Frequently Asked Questions
Q: How do I know the TA rating on the label is accurate? A: Every batch is independently tested by an accredited laboratory using standardised agar well diffusion methods. The TA rating on the label is the verified result of that test, not a marketing estimate. Certificates of Analysis are available on request.
Q: What does "5 independent labs" mean in practice — are these really 5 different facilities? A: Yes. Each of the five test categories — TA, WDPE, Jarrah Factor™, pollen authentication, and food safety — is conducted by a separate accredited laboratory. This prevents any single lab from being a single point of failure or conflict of interest.
Q: Can I request the COA for my specific batch? A: Absolutely. Each jar carries a batch code. Contact us with that code and we'll provide the full Certificate of Analysis for your batch, including all five test results.

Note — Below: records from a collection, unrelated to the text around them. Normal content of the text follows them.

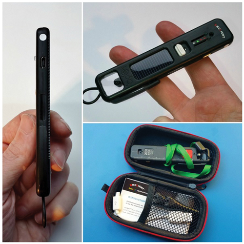 Figure 1: The Arclight: (clockwise from left); side view; rear view illustrating the ophthalmoscope-end, the loupe-end and the solar panel; the complete kit includes a carrying case, charging cable, instructions, two disposable speculae (4.5mm and 2mm) and a lanyard.
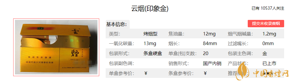云煙1958印象金價格參數(shù)介紹及口感分析
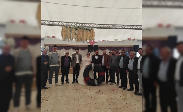 Kastamonu’nun Taşköprü ilçesinde tır şoförlüğü yapan Uğur Duman, Reyhan Duman ile düzenlenen düğün töreninde dünya evine girdi. Düğündeki takı merasiminde Uğur Duman arkadaşlarının takı olarak verdikleri hediye ise yüzleri güldürdü. Uğur Duman’ın arkadaşları, satın aldıkları tır lastiğini yuvarlayarak düğün salonuna getirerek çifte hediye etti.
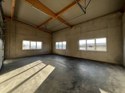 Zur Vermietung gelangen rund 982 m² Hallenflächen (Edelrohbau), nutzbar als Gewerbefläche, Lager, Auslieferungsstandort oder auch als Verkaufsgeschäft. Die Liegenschaft weist ein großzügiges Parkplat...

Q: What happens to a batch that fails testing? A: It does not ship. Batches that fail any test parameter are held and investigated. If the issue cannot be resolved, the batch is not released — regardless of commercial impact. This is why genuine low-stock situations occur.

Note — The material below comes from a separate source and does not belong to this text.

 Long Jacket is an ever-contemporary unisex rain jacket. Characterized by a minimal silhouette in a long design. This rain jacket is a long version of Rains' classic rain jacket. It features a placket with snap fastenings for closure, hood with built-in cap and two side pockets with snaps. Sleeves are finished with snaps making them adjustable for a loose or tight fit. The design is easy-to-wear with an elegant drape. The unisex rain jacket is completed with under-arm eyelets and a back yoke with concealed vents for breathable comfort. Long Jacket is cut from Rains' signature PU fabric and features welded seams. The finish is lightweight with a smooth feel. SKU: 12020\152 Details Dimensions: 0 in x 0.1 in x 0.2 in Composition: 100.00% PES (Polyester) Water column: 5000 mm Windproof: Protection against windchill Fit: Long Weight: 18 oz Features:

Q: Is Forest Fresh Honey tested for antibiotics? A: Yes. Every batch is screened for antibiotic residues as part of the food safety panel (Lab 5). Jarrah honey source hives are managed without routine antibiotic use, and testing confirms this for every production run.
Q: What is WDPE and why does it matter? A: WDPE (Water Dilution Peroxide Equivalent) quantifies the hydrogen peroxide activity in honey. Jarrah honey generates H₂O₂ enzymatically upon dilution — a distinct antimicrobial mechanism not measured by MGO or NPA testing alone. Read our full WDPE explainer →
Q: How does Jarrah honey testing compare to Manuka testing? A: Manuka honey is primarily rated by MGO (methylglyoxal) or UMF, both measuring non-peroxide activity. Jarrah testing is more comprehensive because it must capture both peroxide and non-peroxide mechanisms. A TA50+ result from Forest Fresh means both mechanisms have been independently verified.
Q: Why does honey from the same jar sometimes taste slightly different between batches? A: Natural honey varies slightly with each Jarrah flowering season — the ratio of nectars, the weather during flowering, and the hive's position in the forest all influence the final flavour profile. The testing ensures bioactive performance is consistent even when subtle flavour notes vary.
The information in this article is for educational purposes only and is not intended to diagnose, treat, cure, or prevent any disease or health condition. Please consult your healthcare professional before using honey as part of a health or medical regimen. Forest Fresh Honey products are food products, not medicines. Not suitable for children under 12 months. These statements are based on traditional use and emerging scientific research.
Written by Matt Fewster, 5th generation of the Fewster family and co-founder of Forest Fresh Honey.
Sources: - Guttentag, A., Koldovsky, D., & Krovetz, H. (2021). Hydrogen peroxide measurement in honey — methodological advances. Available via PubMed. - Islam, M., Barbour, A., & Locher, C. (2024). Authentication of Western Australian honey varieties. PeerJ Chemistry. https://peerj.com/articles/achem-33/ - Irish, J., Blair, S., & Carter, D.A. (2011). The antibacterial activity of honey derived from Australian flora. PLOS ONE. https://journals.plos.org/plosone/article?id=10.1371/journal.pone.0018229 - Hossain, M.L. & Locher, C. (2023). WA honey vs Manuka honey comparison. Applied Sciences, 13(13), 7440. https://www.mdpi.com/2076-3417/13/13/7440 - Pavy, M. & Dragar, C. (2011). Antioxidant properties of Jarrah honey. WA Jarrah Honey Committee. https://img1.wsimg.com/blobby/go/35350b70-4b13-4876-abd6-b146f468c4e8/downloads/media-release%20on%20antioxidant%20of%20jarrah%20honey.pdf
1 Comment
You are being very misleading in this blog post.
NATA refuses to certify above TA35+. You should either remove this post or update it so it is truthful. TA50+ is marketing slop.